Next are pockets of global growth with imbalances. Scenario three is low but stable global growth, with lots of muddling through. And the worst is continuing rolling regional crises with volatile and weak growth all round.

Stimulus packages

Most of what is likely to happen would depend on what is happening near term to stimulus packages like quantitative easing (QE) and the outlook for energy prices. Over the long term, the aging of advanced economies, rapid urbanisation (or labour migration) and technology and global connectivity will shape the final outcome.

The near-term outlook is much bleaker in the post-crisis adjustment period. Having shot the world full of steroids in terms of QE, the world’s central banks are moving in divergent paths. The Fed wants to withdraw, while the European Central Bank and Japan are still bent on using very loose monetary policy. But post-crisis, advanced country growth are roughly 2% below potential, and their demand for Asian imports are likely to remain weak.

Which is why Asian finance would depend on what happens in the next decade to the Asian global supply chain. Historians remember that the Japanese led the post-war revival of the Asian economies by being the first to supply the demand for consumer goods by the West.

After growth in Japan peaked in the 1980s, Japan invested heavily in the rest of East Asia to exploit cheap labour and increase its productive capacity. China’s emergence consolidated Asia’s key role as the global factory, supplying the rest of the world with all manner of consumer goods.

The success of the Asian global supply chain meant that Asia ran a current account surplus with the rest of the world, but mostly with the US. With rising incomes and savings, Asia became a net lender to the world, further stimulating global growth as domestic investments, an emerging middle class and demand took most of Asia to middle-income levels.

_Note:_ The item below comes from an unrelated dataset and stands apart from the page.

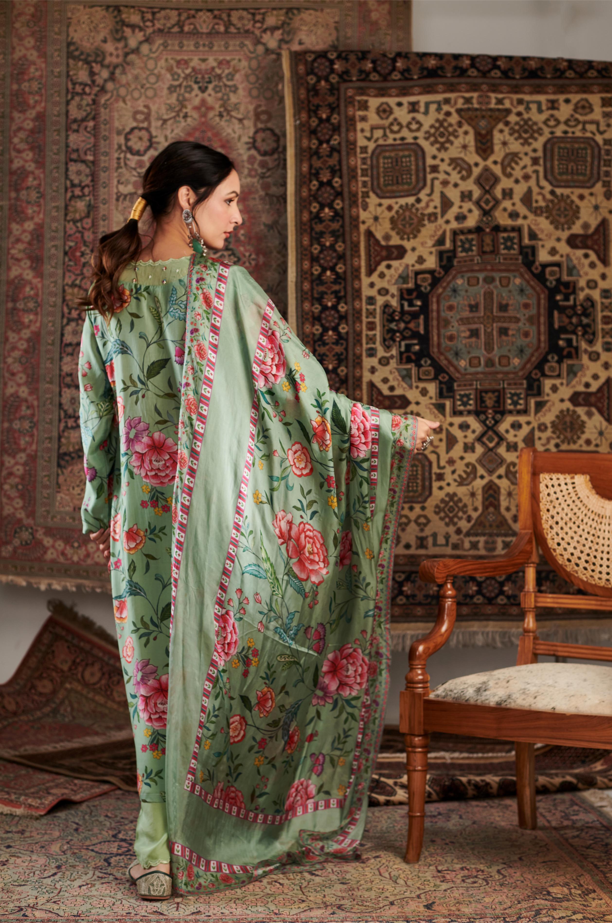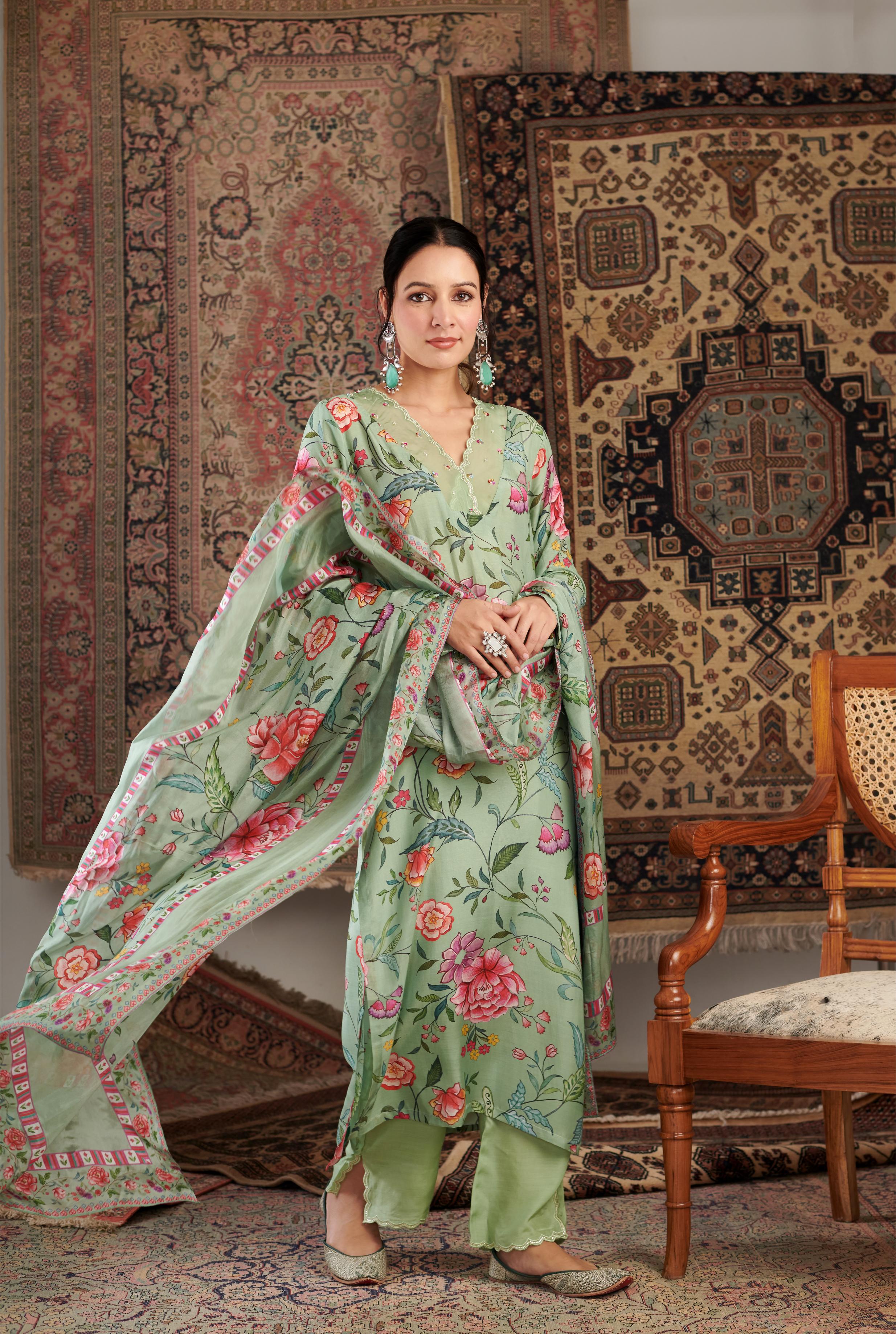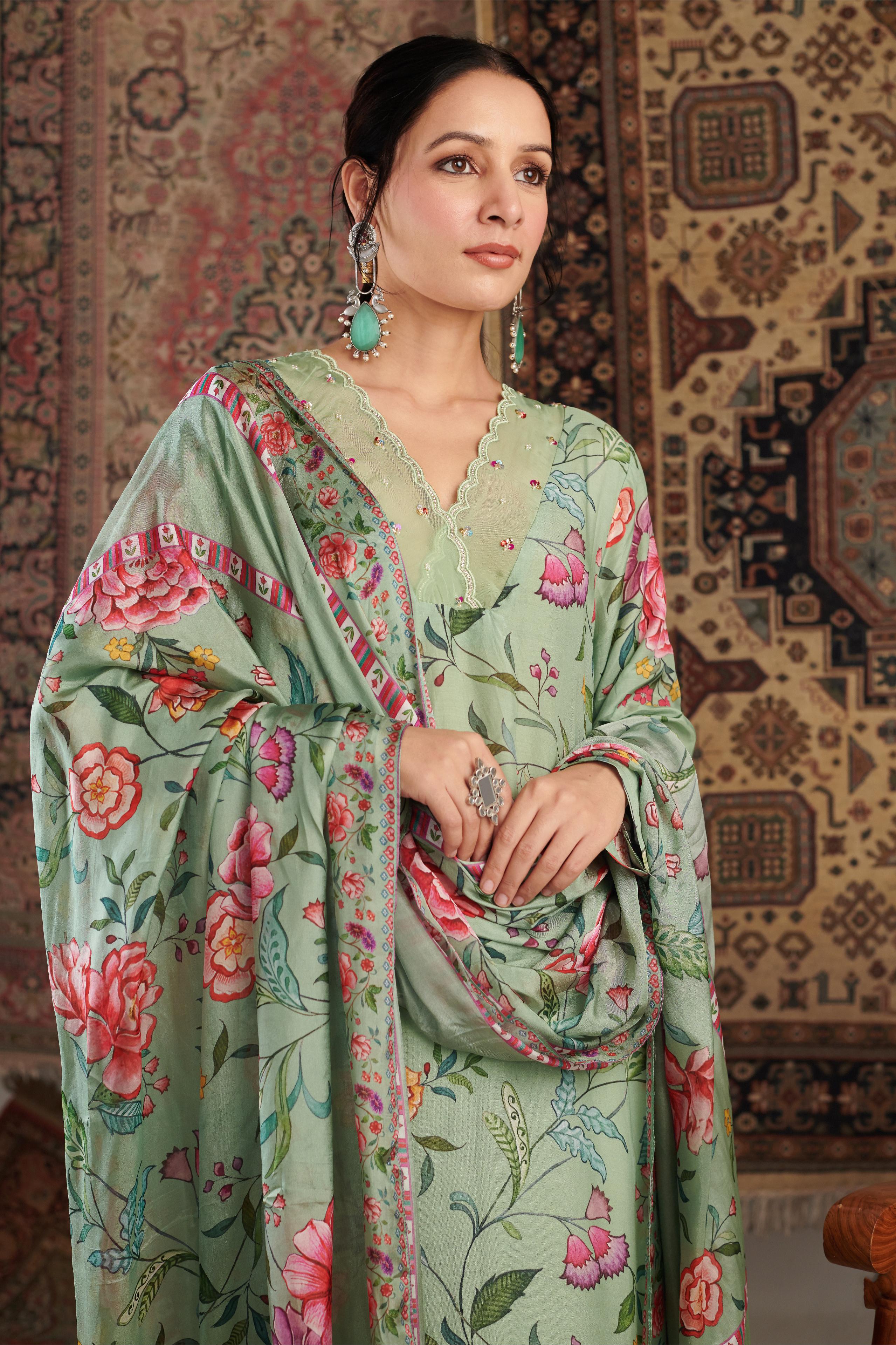 Expertly crafted from luxurious cotton silk, the AKS MINT GREEN KURTA SET is adorned with intricate hand embroidery on flattering V-neckline. Paired with scalloped edge cotton silk pants and a digital printed silk dupatta, this set exudes elegance and sophistication. Elevate your wardrobe with this versatile and stylish ensemble.

But such excessive savings were never properly intermediated within Asia. Instead, the excess savings were parked in New York and London, returning to Asia in the form of foreign direct or portfolio investments. Fundamentally, Asia did not upgrade its bank-dominated system of using short-term deposits to fund long-term investments.

Despite aging population, the level of long-term pension and insurance funds and therefore the institutionalisation of long-term savings remained small compared with the banking system.<

Low rate policies

Much of this has to do with a penchant for low interest rate policies, beginning with the Japanese attempts to reflate its economy with ultra-loose monetary policy. Excessively low interest rates meant that investments may not go to the best use of funds, while speculation in asset bubbles became more profitable than upgrading total factor productivity.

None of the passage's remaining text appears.